「ネコメンタリー」という番組をよく観ている。
タイトル通り猫がでてくるドキュメンタリーで、作家さんが飼っている猫が主役。
猫を飼っている作家さんのなんと多いことか。
そして、申し訳ないのだけれども、知らない作家さんのなんと多いことか。
直木賞をとったと言われても作品もお名前も存じ上げない方たちばかり。
で、この前登場したとある作家さん。
同居の猫二匹は、もともとは彼氏の連れ子なんだそうだ。
それにしても彼女によく懐いている。
彼氏についての言及はなかったが、あまり映らなかったのだけれども若くてすごくイケメンな感じで、いったいどういう方なのか、何をしている人なんだろうと、ついつい気になっていろいろ調べちゃったんだけども彼氏については一切情報が出てこない。

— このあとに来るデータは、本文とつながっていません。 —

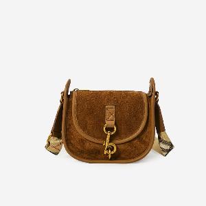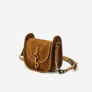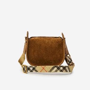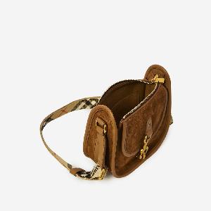 Crossbody bag in Hazel brown suede calf leather. It features an adjustable webbing shoulder strap with a Check pattern, Equestrian Knight Design embossed on the back, an external pocket with a B-shaped clasp, an internal slip pocket, a zip closure, one main compartment, and an internal pocket. Lined with burgundy leather.

気になった人は私だけではないようで、彼女の書く小説の中で男女のことが描写されるとき、それは実体験に基づいているはずだから彼氏はそのような男性なのではないか?と言っている人の記事を見つけた。

そうだよね、小説を読めば彼氏のことがわかるんじゃない?
というわけで、この本を取り寄せて読んだのだけれども、番組で見た作家さんの印象と本の内容がまるで違ってて(戦国時代末期から江戸初期の石見銀山の話!)、当然あんな彼氏のような男性は登場せず(もちろん猫も出てこない)、なんだよっ!なんてガッカリしたかといえばそうではなく、そんなヨコシマな理由で読んだにもかかわらず、すごく良かった。
簡潔な文章、的確な表現、深みのある言葉。
今まで存じ上げなくてごめんなさい、と謝りたい気分。
なので彼氏については、もういっか。